■ Problem to work on ■
Could you give back every record below exactly, leaving out the pictures?

■ Records from a collection ■
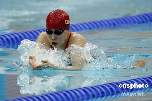8月12日,中國小將孫曄在北京奧運會女子100米蛙泳決賽中,以1分08秒08的成績獲得第7名。澳大利亞名將瓊斯獲得該項目金牌。中新社發 杜洋 攝
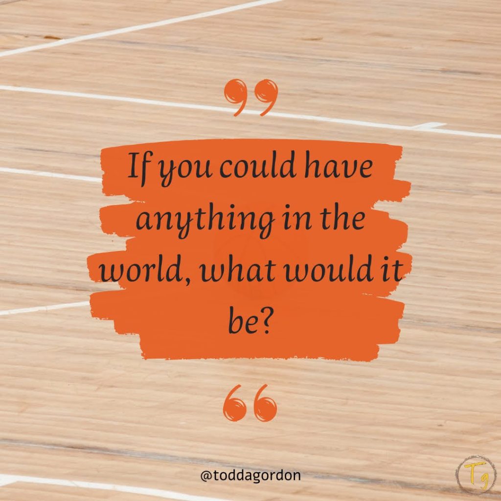 Yesterday, I was sitting at Jordan Creek Mall in Des Moines when a group of young men, probably 13-14 years old stopped. One of them asked, “Sir, I have a question. If you could have anything in the world what would it be?”
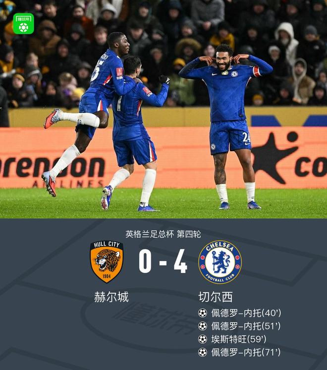 北京时间2月14日英格兰足总杯 第四轮,赫尔城对阵切尔西。切尔西佩德罗-内托帽子戏法,埃斯特旺破门。最终比分赫尔城 0-4 切尔西。
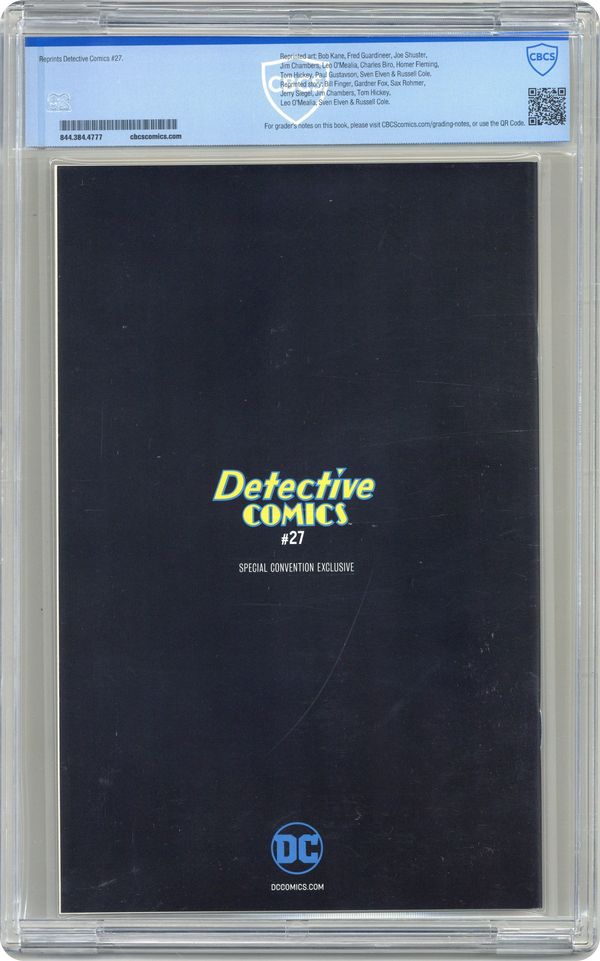 Ended Dec 19 2021 Winning Bid $46 Fan Expo 2017 exclusive cover by Jason Fabok. Reprints Detective Comics (1937 1st Series) #27. 1st appearance of Batman and Commissioner Gordon. The Case of the Chemical Syndicate starring The Bat-Man (as he's called in the story), script by Bill Finger, art by Bob Kane. The Killers of Kurdistan starring Speed Saunders, Ace Investigator, script by Gardner Fox, art by Fred Guardineer. Bullet Bluff starring Buck Marshall, Range Detective, art by Homer Fleming. Spy story, script by Jerry Siegel, art by Joe Shuster. The Crimson Avenger story, script and art by Jim Chambers. Death on the Airwaves text story by Gardner F. Fox (as Paul Dean), art by Fred Guardineer. Bruce Nelson story, script and art by Tom Hickey. The Mysterious Doctor Fu Manchu story, script and art by Leo O'Mealia. Cosmo, the Phantom of Disguise story, script and art by Sven Elven. Plain Clothes Pete story, script and art by Russell Cole (as Alger). Slam Bradley story, script by Jerry Siegel, art by Joe Shuster. Cover price $3.99. Grade: CBCS 9.8 explanation of grade Condition: Used (collectible)
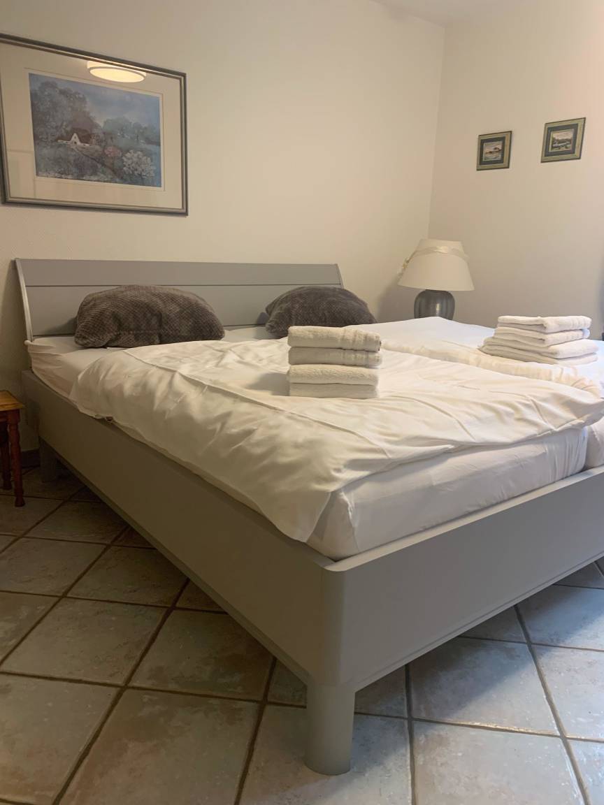 Das neue tolle Doppelbett (180 x 200 cm) mit hochwertigen geteilten Matratzen hat eine Komforthöhe ( Boxspringbett). Die Betten haben ein offnes Fußende

■ Worked solution ■
8月12日,中國小將孫曄在北京奧運會女子100米蛙泳決賽中,以1分08秒08的成績獲得第7名。澳大利亞名將瓊斯獲得該項目金牌。中新社發 杜洋 攝
 Yesterday, I was sitting at Jordan Creek Mall in Des Moines when a group of young men, probably 13-14 years old stopped. One of them asked, “Sir, I have a question. If you could have anything in the world what would it be?”
 北京时间2月14日英格兰足总杯 第四轮,赫尔城对阵切尔西。切尔西佩德罗-内托帽子戏法,埃斯特旺破门。最终比分赫尔城 0-4 切尔西。
 Ended Dec 19 2021 Winning Bid $46 Fan Expo 2017 exclusive cover by Jason Fabok. Reprints Detective Comics (1937 1st Series) #27. 1st appearance of Batman and Commissioner Gordon. The Case of the Chemical Syndicate starring The Bat-Man (as he's called in the story), script by Bill Finger, art by Bob Kane. The Killers of Kurdistan starring Speed Saunders, Ace Investigator, script by Gardner Fox, art by Fred Guardineer. Bullet Bluff starring Buck Marshall, Range Detective, art by Homer Fleming. Spy story, script by Jerry Siegel, art by Joe Shuster. The Crimson Avenger story, script and art by Jim Chambers. Death on the Airwaves text story by Gardner F. Fox (as Paul Dean), art by Fred Guardineer. Bruce Nelson story, script and art by Tom Hickey. The Mysterious Doctor Fu Manchu story, script and art by Leo O'Mealia. Cosmo, the Phantom of Disguise story, script and art by Sven Elven. Plain Clothes Pete story, script and art by Russell Cole (as Alger). Slam Bradley story, script by Jerry Siegel, art by Joe Shuster. Cover price $3.99. Grade: CBCS 9.8 explanation of grade Condition: Used (collectible)
 Das neue tolle Doppelbett (180 x 200 cm) mit hochwertigen geteilten Matratzen hat eine Komforthöhe ( Boxspringbett). Die Betten haben ein offnes Fußende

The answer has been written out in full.